Les départements gèrent "leurs" cars. La Région
gère "ses" cars interdépartementaux et ses TER. Comme
personne ne s'entend, chacun fait son biseness dans son coin, ignorant
superbement les autres.
Cela donne des cars qui partent avant que le train arrive...
(Liaisons Saint-Auban, Aix-TGV, Barcelonnette à Digne,
vallée de la Tinée, vallée de l'Estéron,
vallée de la Vésubie).
Cela donne des arrêts de bus à 500 mètres des gares...
(Nice Place de Gaulle)
Cela donne des lignes de cars qui suivent les lignes de trains, sans valeur ajoutée...
(8 lignes de Lingostière à Plan-du-Var, 1 ligne jusqu'à Entrevaux)
Cela donne des tarifs différents et concurrentiels...
(Alpes-Maritimes et CANCA vs CP et SNCF).
La Région crée une ligne de trains (Cannes-Grasse), le
département contre-attaque avec des cars à 1.30 €
(Cannes-Grasse). La CANCA crée une ligne de bus (ligne 59), le
SYMA améliore les horaires du train (CP), le département
réduit les tarifs des cars (1.30€), la CFSF augmente ceux
du train...
Chacun joue avec "son" jouet, oubliant au passage que les passagers
empruntent plusieurs types de transports pour aller d'un point A
à un point B. Alors, en fonction de leurs décisions
égoïstes, les usagers vont du train (plus rapide) au car
(plus économique), voire alternent, s'embrouillent, cherchent le
bon compromis, alors qu'il serait si simple, plus rapide et plus
économique qu'une bonne fois pour toute, les transports soient
complémentaires, en correspondance, avec un tarif unifié.
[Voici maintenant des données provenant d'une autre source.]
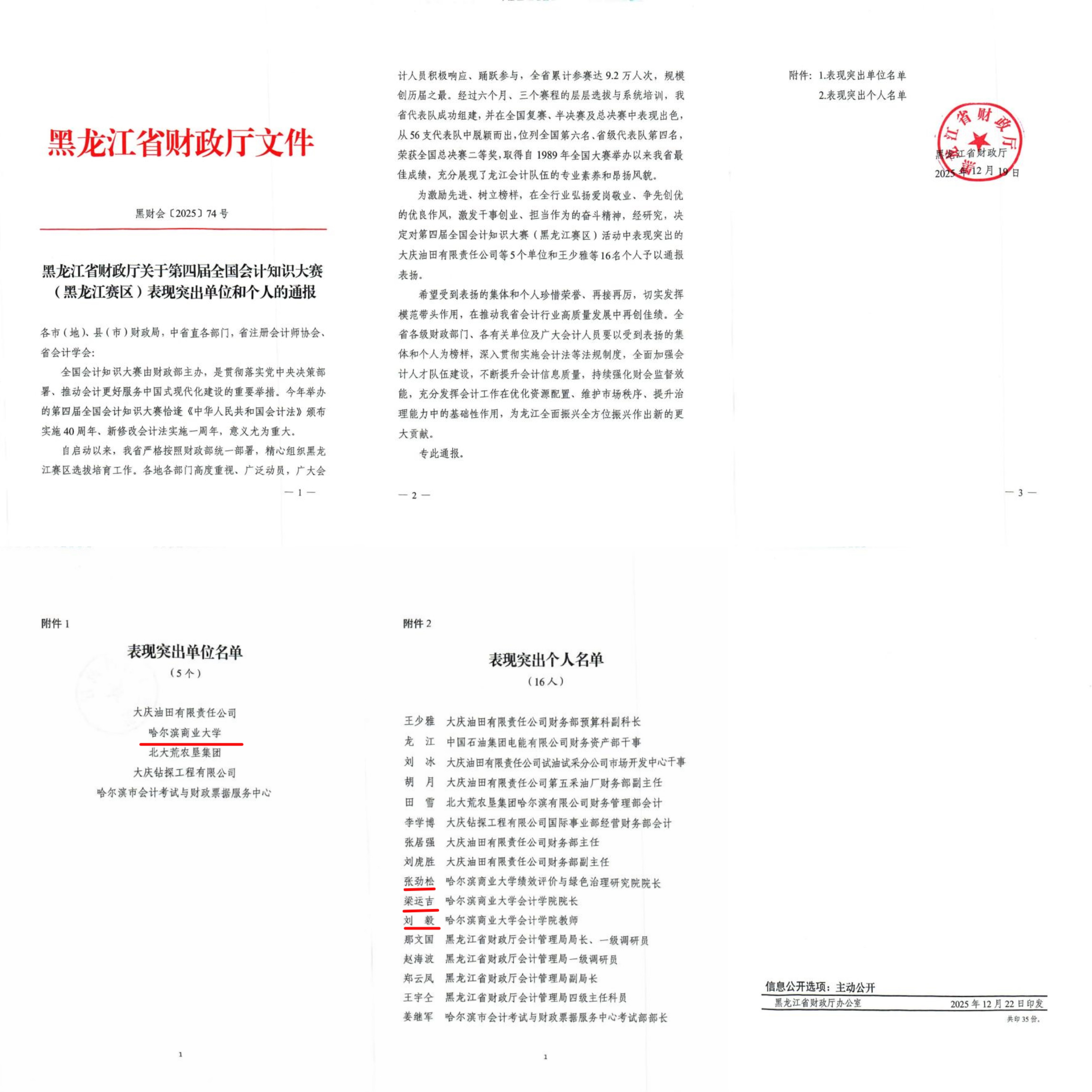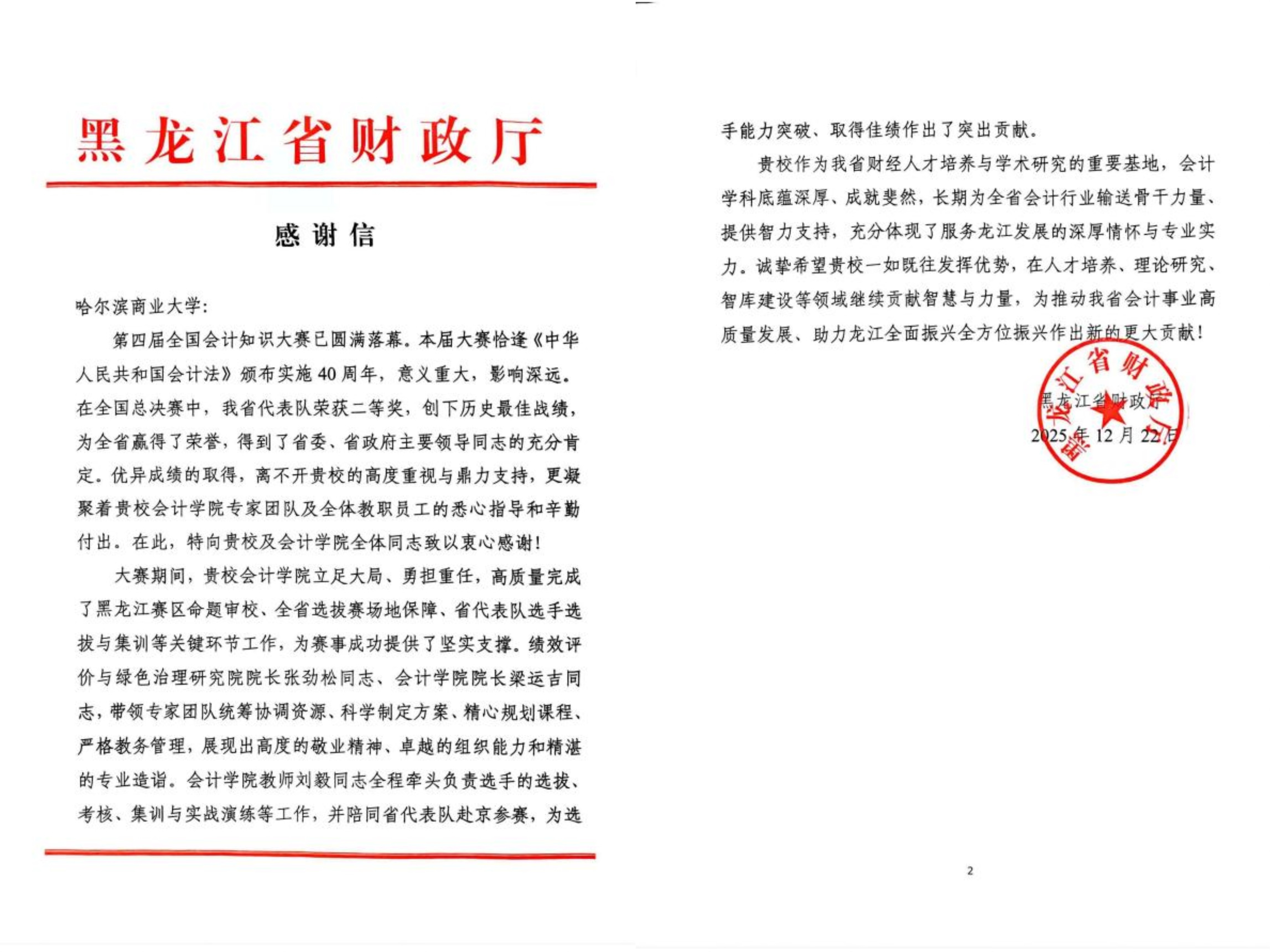 日前,第四届全国会计知识大赛圆满落幕,黑龙江省代表队从全国56支参赛队伍中脱颖而出,斩获全国总决赛二等奖,位列全国第六、省级代表队第四,创下自1989年全国会计知识大赛举办以来我省的历史最佳战绩。12月22日,黑龙江省财政厅发来感谢信并印发通报,对我校在第四届全国会计知识大赛中的卓越贡献给予高度赞誉,学校入选“表现突出单位”,会计学院党委副书记、院长梁运吉和张劲松教授、刘毅老师荣获“表现突出个人”称号。这份荣誉的背后,是学校会计学院立足大局、深耕实干的责任担当,更是学校学科建设、人才培养与社会服务能力的集中彰显。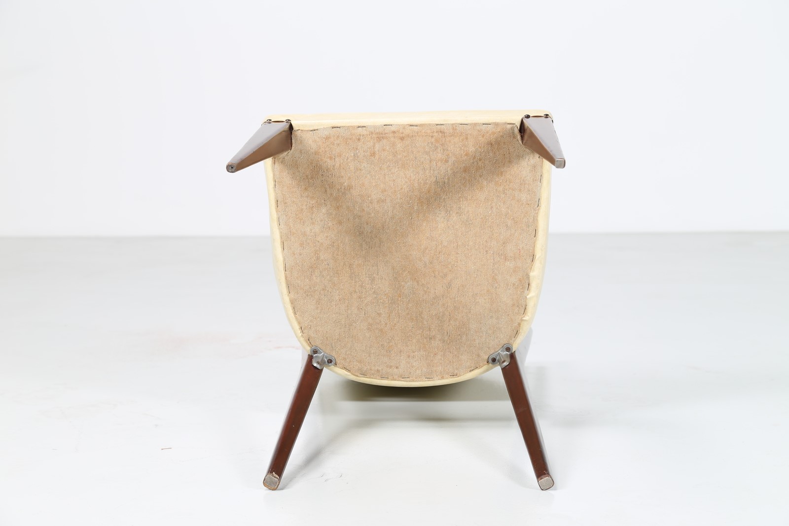 DASSI M.M. Sei sedie. Legno e skai. Cm 44,00 x 92,50 x 52,00. Struttura in legno, dettagli in ottone, imbottitura e rivestimento in skai. Produzione Dassi Mobili Moderni, Lissone, anni 60.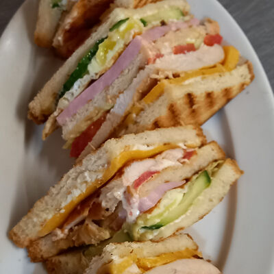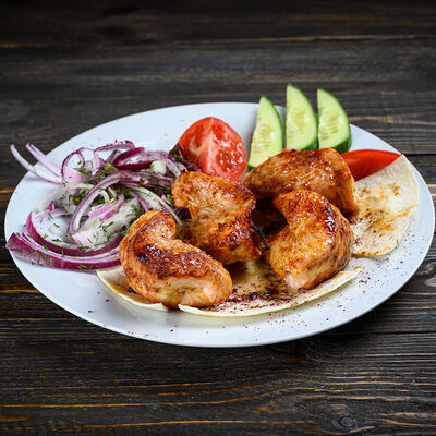 Капуста айсберг 2x, соус сырный 2x, лук маринованный 2x, помидор 2x, огурец свежий 2x, куриное мясо 2x, тортилья сырная 2x, сыр чеддер 2x, соус фирменный 2x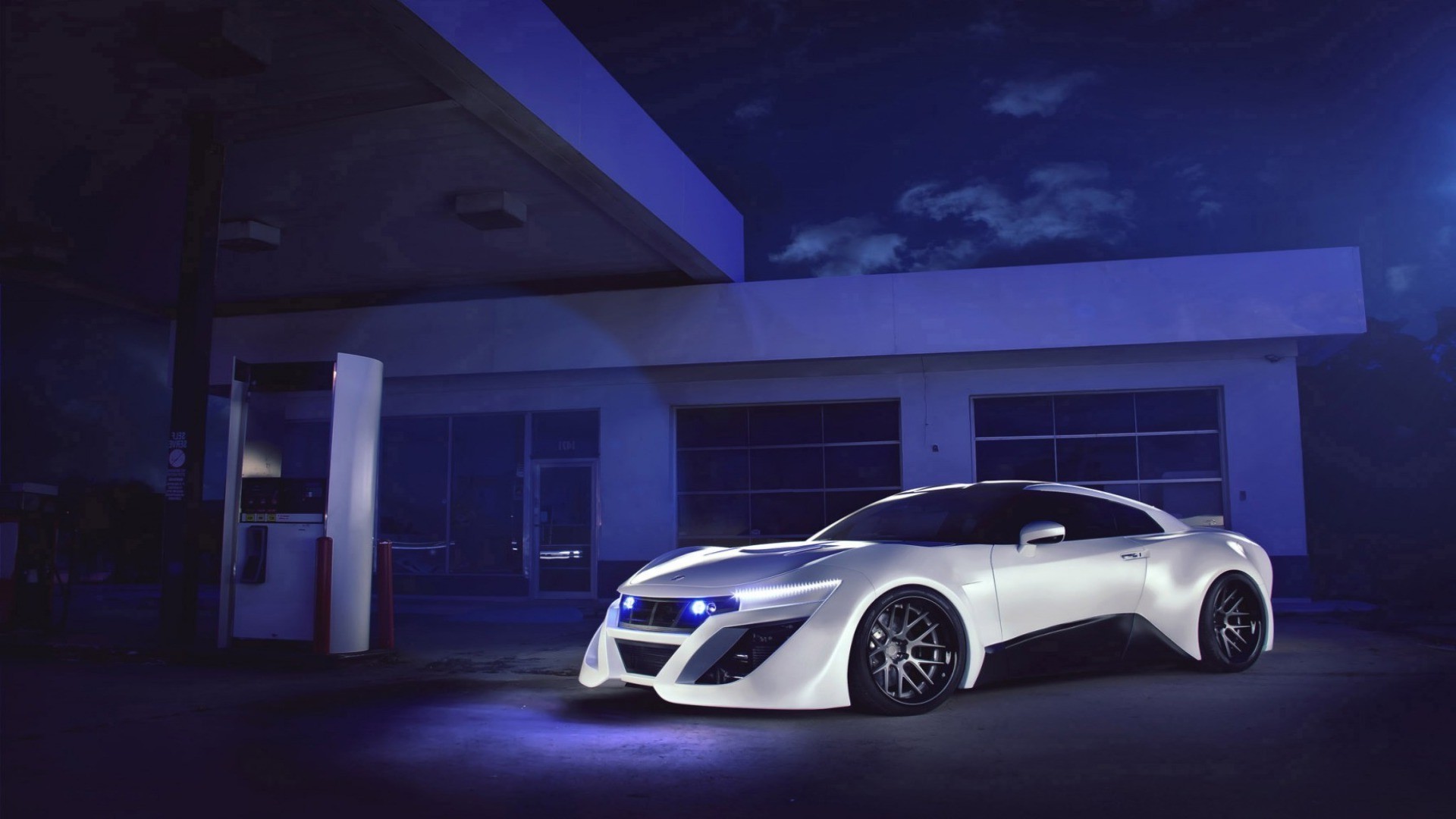Mor yakıt ikmalinin arka planına karşı beyaz spor arabası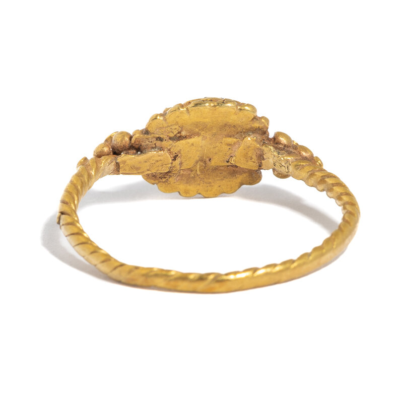 Height 2.2 cm (7/8 inch); Ring size 6 3/4; High karat gold; 2.42 grams.

Sans folie des grandeurs, car sur le papier, les lignes existent, et
une meilleure organisation permettrait sans doute d'améliorer le
service en supprimant des doublons idiots.
En respectant un principe de base, le train comme colonne
vertébrale (plus rapide, plus sûr, il n'embouteille pas
les routes), le car pour les liaisons transversales et
inaccessibles par voie ferrée (irremplaçable en zone rurale), le bus et le tram pour le maillage urbain.
En attendant, chacun fait joujou en nous prenant pour des imbéciles.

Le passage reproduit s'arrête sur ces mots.